Dataset entries:
--*--

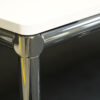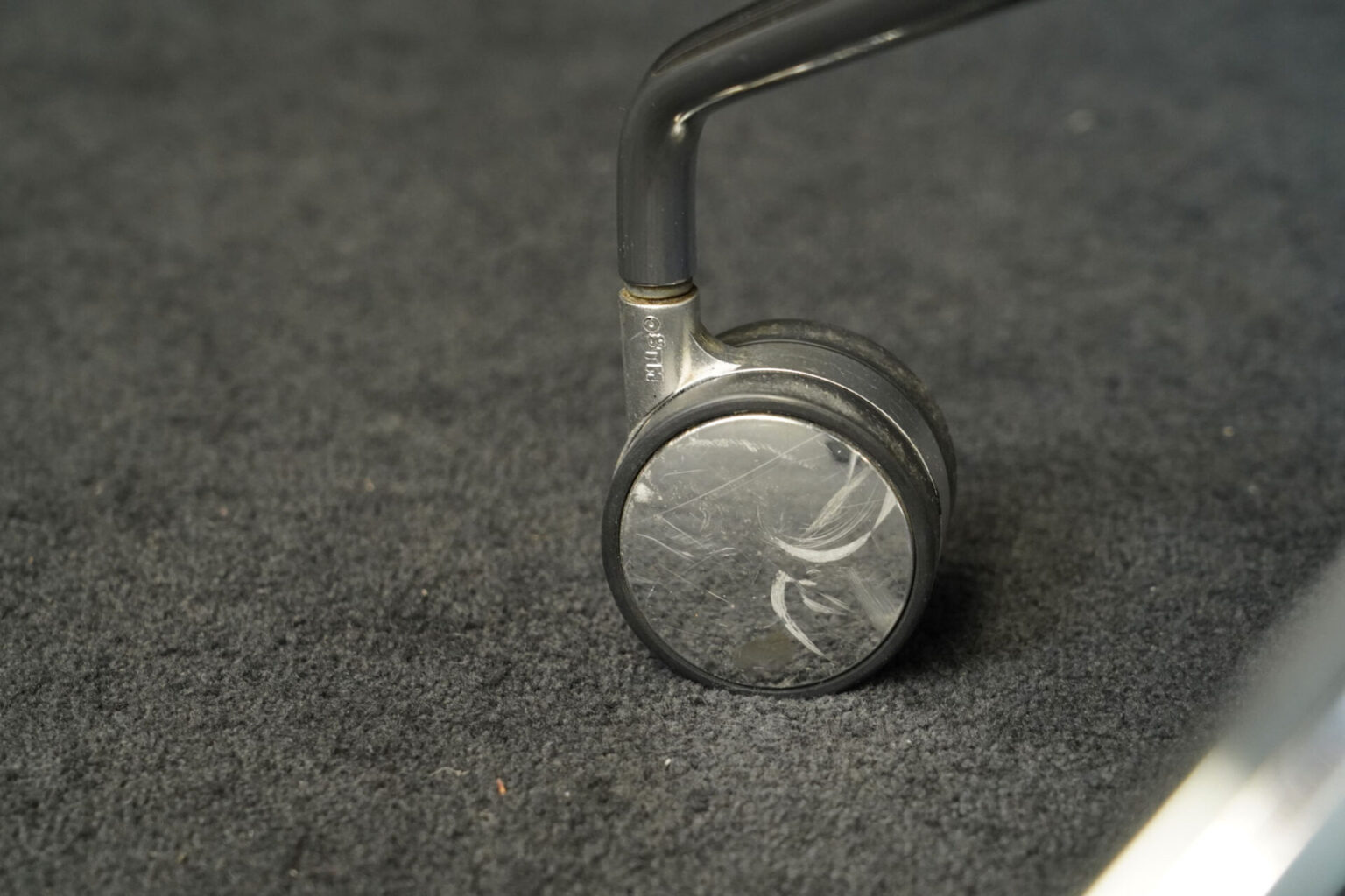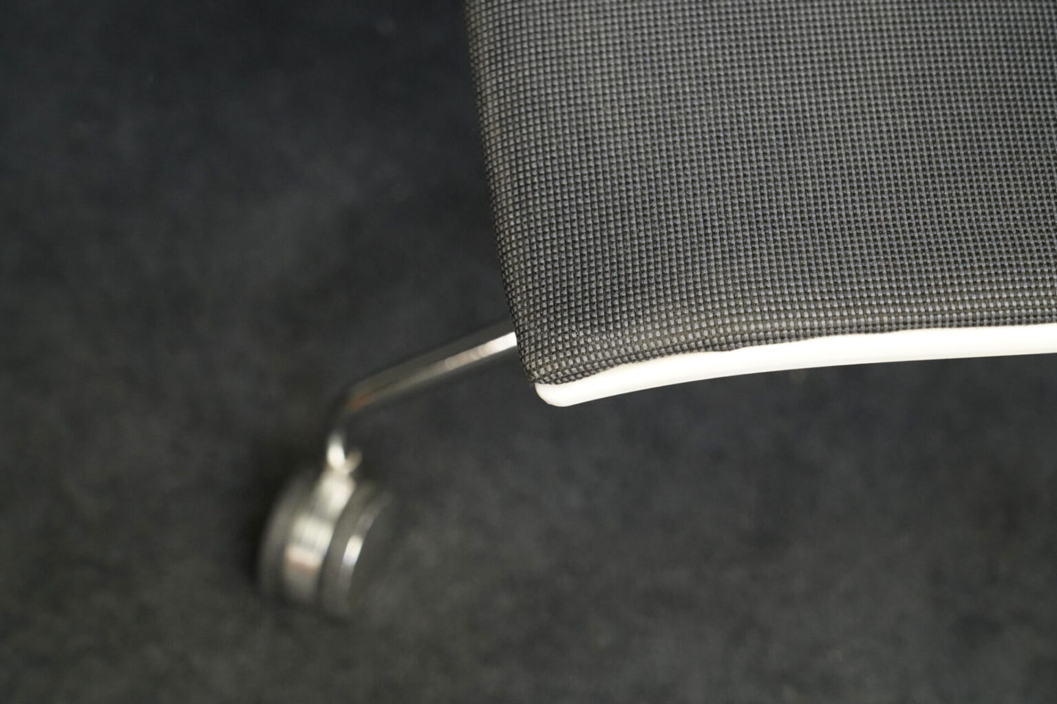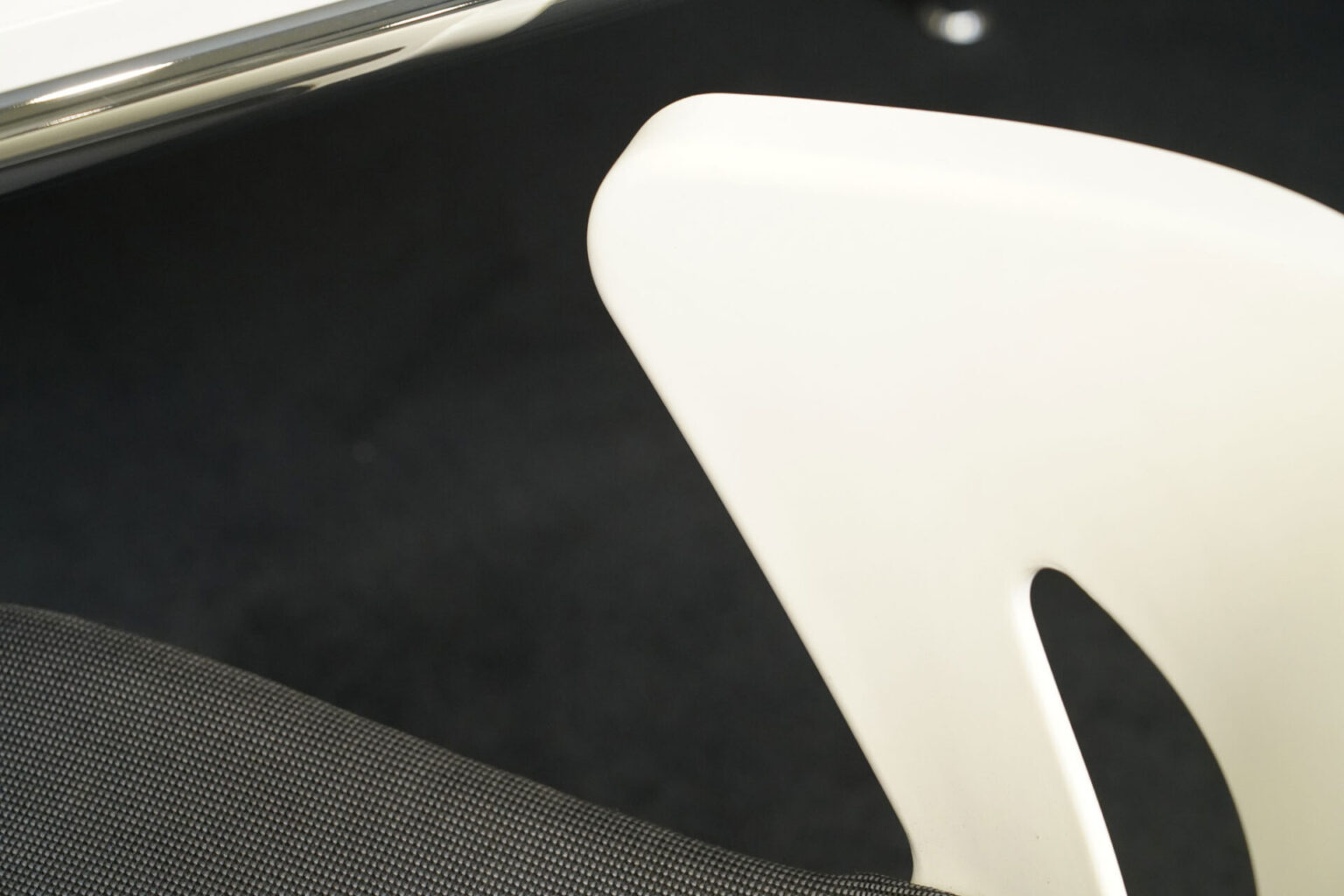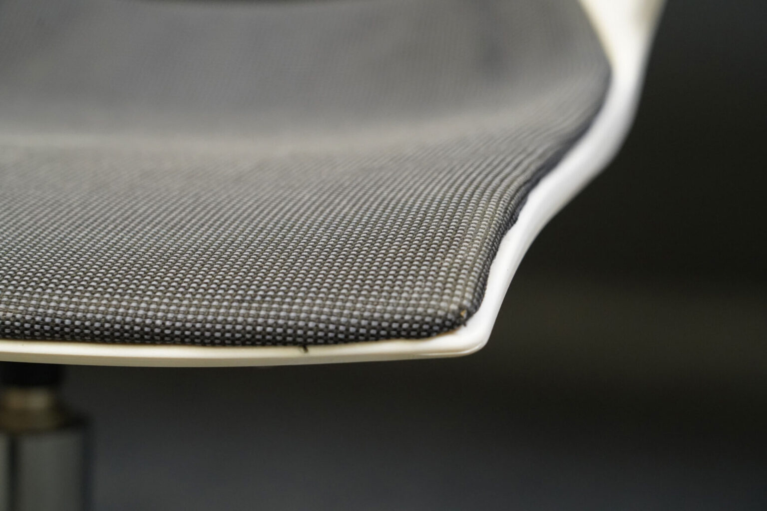 Stuhl: Kunststoff | Weiß | Sitzbezug Hopsak / Grau | drehbar | Gestell verchromt | H: 77cm | SH: 46cm | B: 55cm | T: 50cm
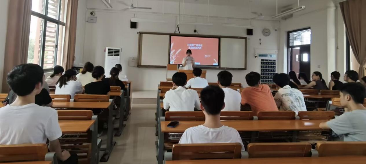 活动期间,各团支部积极创新活动形式,推出“非遗里的普通话”系列主题团课。通过组织观看绣球制作、壮锦编织等民族技艺视频,引导学生在动手实践中使用普通话讲解工艺背后的文化内涵。其中“壮语—普通话”互译擂台赛环节吸引了许多少数民族学生踊跃参与,地方谚语互译挑战更是妙趣横生,成为活动现场的一大亮点。
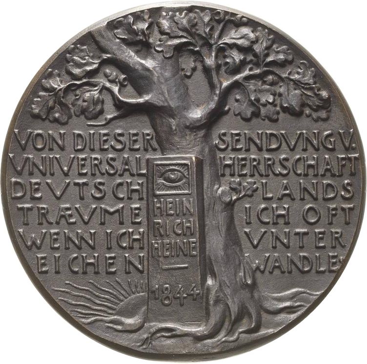 Описание: Меморіальний камінь на честь Генріха Гейне, що стоїть біля дуба, на тлі східного сонця.
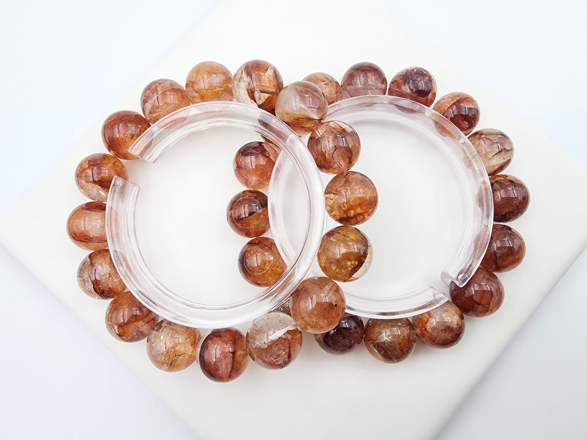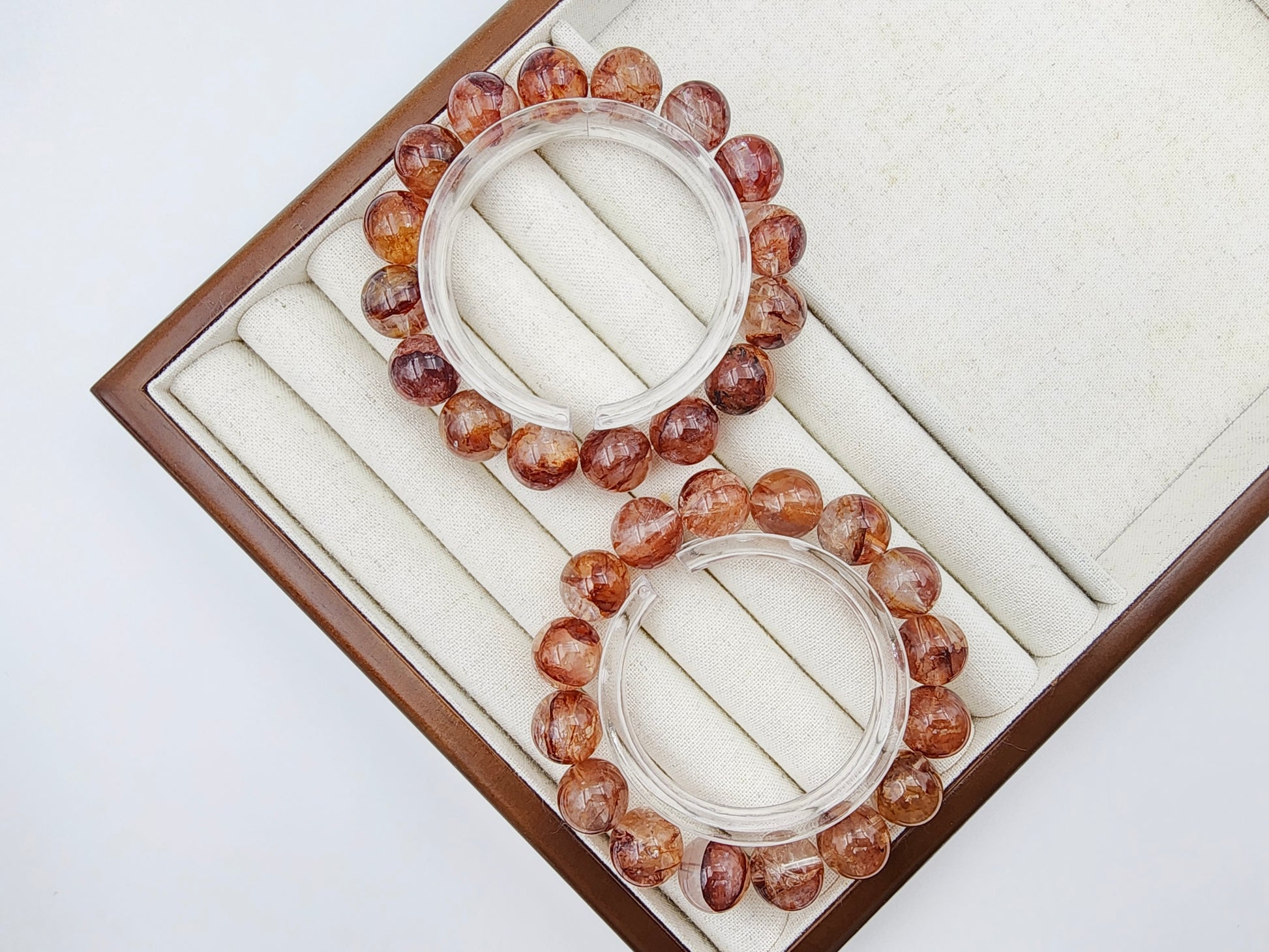 [Bracelet] Elegant 13mm Red Hematoid Quartz 红胶花 Bracelet - Healing Crystal Jewelry
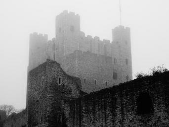 | Keywords: blackandwhite monochrome rampart architecture outdoor black and white Rochester Castle stands on the east bank of the River Medway in Rochester, Kent, South East England. The 12th-century keep or stone tower, which is the castle's most prominent feature, is one of the best preserved in England or France. Situated on the River Medway and Watling Street, Rochester served as a strategically important royal castle. During the late medieval period it helped protect England's south-east coast from invasion. The first castle at Rochester was founded in the aftermath of the Norman Conquest. It was given to Bishop Odo, probably by his half-brother William the Conqueror. During the Rebellion of 1088 over the succession to the English throne , Odo supported Robert Curthose, the Conqueror's eldest son, against William Rufus. It was during this conflict that the castle first saw military action; the city and castle were besieged after Odo made Rochester a headquarters for the rebellion. After the garrison capitulated, this first castle was abandoned. Between 1087 and 1089, Rufus asked Gundulf, Bishop of Rochester, to build a new stone castle at Rochester. He established the current extent of the castle. Though much altered through the centuries, some parts of Gundulf's work survive. In 1127 King Henry I granted the castle to the Bishops of Canterbury in perpetuity. William de Corbeil built the massive keep that still dominates the castle today. Throughout the 12th century the castle remained in the custody of the archbishops. During the First Barons' War (1215–1217) in King John's reign, baronial forces captured the castle from Archbishop Stephen Langton and held it against the king, who then besieged it. The Barnwell chronicler remarked "Our age has not known a siege so hard pressed nor so strongly resisted". After resisting for just over seven weeks, the garrison surrendered. Although the castle had been greatly damaged, with breaches in the outer walls and one corner of the keep collapsed, it was hunger that eventually forced the defenders' hand. The castle did not stay under John's control for long: in 1216 it was captured by the French Prince Louis, who was the new leader of the baronial faction. John died and was succeeded by his son King Henry III in 1216; the next year, the war ended and the castle was taken under direct royal control. Rochester was besieged for the third time in 1264 during the Second Barons' War (1264–1267). The castle's royal constable, Roger de Leybourne, held Rochester in support of Henry III. Rebel armies led by Simon de Montfort and Gilbert de Clare entered the city and set about trying to capture the castle. Again the castle's defenders resisted, though this time with a different outcome. After a week, the rebel armies raised the siege in the face of relief from Henry himself. Although the garrison did not surrender, the castle suffered extensive damage that was not repaired until the following century. The castle saw military action for the last time in 1381 when it was captured and ransacked during the Peasants' Revolt. As Rochester Castle fell out of use its materials were reused elsewhere and custodianship relinquished by the Crown. The castle and its grounds were opened to the public in the 1870s as a park. At various points during the 19th and 20th centuries repairs were carried out. The castle is protected as a Grade I listed building and Scheduled Monument. Today the ruins are in the guardianship of English Heritage and open to the public. Rochester Castle stands on the east bank of the River Medway in Rochester, Kent, South East England. The 12th-century keep or stone tower, which is the castle's most prominent feature, is one of the best preserved in England or France. Situated on the River Medway and Watling Street, Rochester served as a strategically important royal castle. During the late medieval period it helped protect England's south-east coast from invasion. The first castle at Rochester was founded in the aftermath of the Norman Conquest. It was given to Bishop Odo, probably by his half-brother William the Conqueror. During the Rebellion of 1088 over the succession to the English throne , Odo supported Robert Curthose, the Conqueror's eldest son, against William Rufus. It was during this conflict that the castle first saw military action; the city and castle were besieged after Odo made Rochester a headquarters for the rebellion. After the garrison capitulated, this first castle was abandoned. Between 1087 and 1089, Rufus asked Gundulf, Bishop of Rochester, to build a new stone castle at Rochester. He established the current extent of the castle. Though much altered through the centuries, some parts of Gundulf's work survive. In 1127 King Henry I granted the castle to the Bishops of Canterbury in perpetuity. William de Corbeil built the massive keep that still dominates the castle today. Throughout the 12th century the castle remained in the custody of the archbishops. During the First Barons' War (1215–1217) in King John's reign, baronial forces captured the castle from Archbishop Stephen Langton and held it against the king, who then besieged it. The Barnwell chronicler remarked "Our age has not known a siege so hard pressed nor so strongly resisted". After resisting for just over seven weeks, the garrison surrendered. Although the castle had been greatly damaged, with breaches in the outer walls and one corner of the keep collapsed, it was hunger that eventually forced the defenders' hand. The castle did not stay under John's control for long: in 1216 it was captured by the French Prince Louis, who was the new leader of the baronial faction. John died and was succeeded by his son King Henry III in 1216; the next year, the war ended and the castle was taken under direct royal control. Rochester was besieged for the third time in 1264 during the Second Barons' War (1264–1267). The castle's royal constable, Roger de Leybourne, he
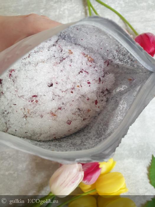 Я была приятно удивлена, вскрыв пакет- меня ожидала ароматная соль с добавлением сухих лепесточков розы
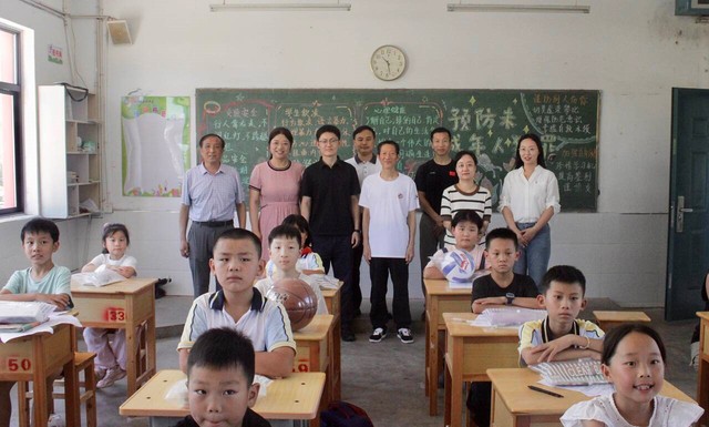 图为孙荣锦送篮球给石板冲学生。张舒畅 供图
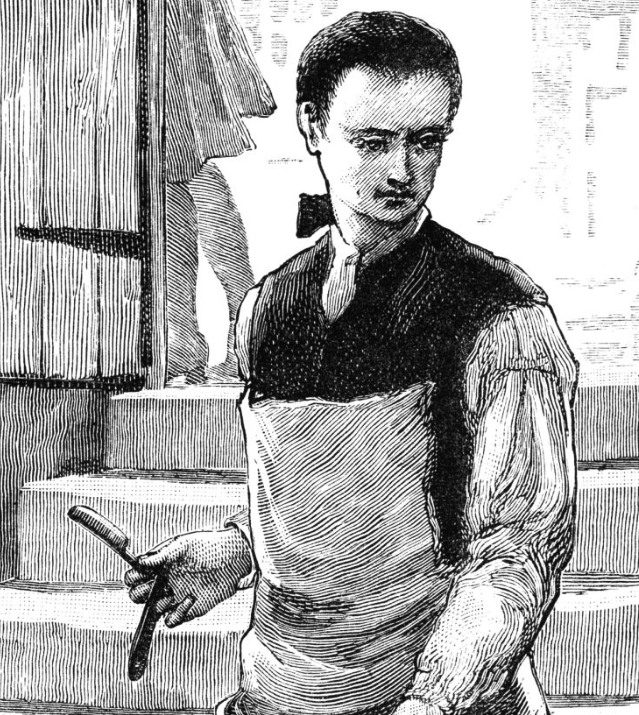 На гравюре нарисован Ричард Аркрайт - крупный английский текстильный промышленник, изобретатель, владелец многочисленных патентов в области прядения, который в начале своей трудовой жизни работал цирюльником и мастером париков. „Strange contrivances were beginning to shape themselves in his busy brain” „В его напряженном мозгу начинали формироваться странные выдумки” Взглянем поближе: С 2013 г. с кайфом бреюсь опасной бритвой пять раз в неделю, в три прохода.
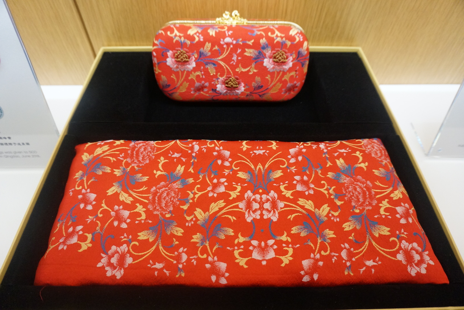 展品之一,2018年6月青島上合組織峰會,作為國禮贈予成員國的上久楷晚宴包。(洪嘉禧攝)
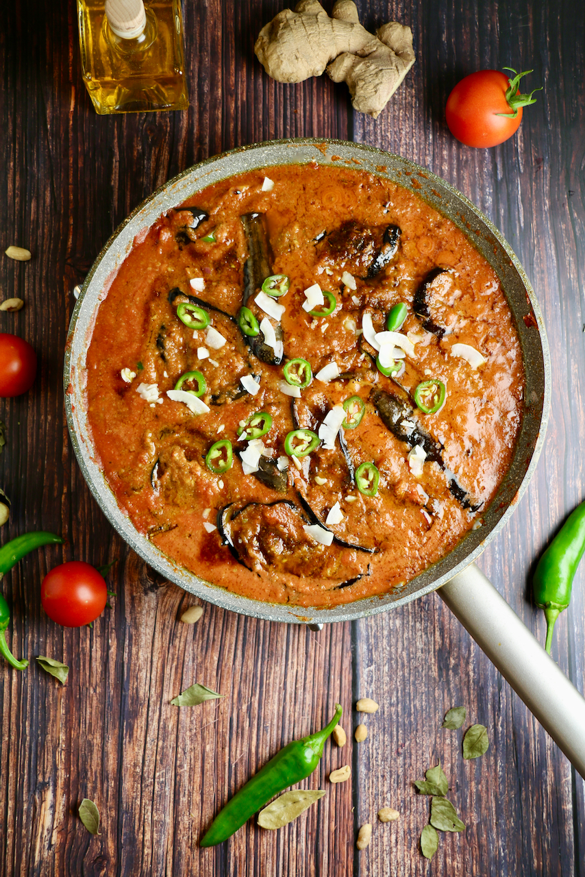 Auberginen in Tomaten-Kokosmilch-Sauce

--*--

• WHAT TO WORK ON: No pictures should appear in the copy. Print exactly the lines above from the line containing "На гравюре нарисован" through the last line of the data.

• EXERCISE SOLUTION:
 На гравюре нарисован Ричард Аркрайт - крупный английский текстильный промышленник, изобретатель, владелец многочисленных патентов в области прядения, который в начале своей трудовой жизни работал цирюльником и мастером париков. „Strange contrivances were beginning to shape themselves in his busy brain” „В его напряженном мозгу начинали формироваться странные выдумки” Взглянем поближе: С 2013 г. с кайфом бреюсь опасной бритвой пять раз в неделю, в три прохода.
 展品之一,2018年6月青島上合組織峰會,作為國禮贈予成員國的上久楷晚宴包。(洪嘉禧攝)
 Auberginen in Tomaten-Kokosmilch-Sauce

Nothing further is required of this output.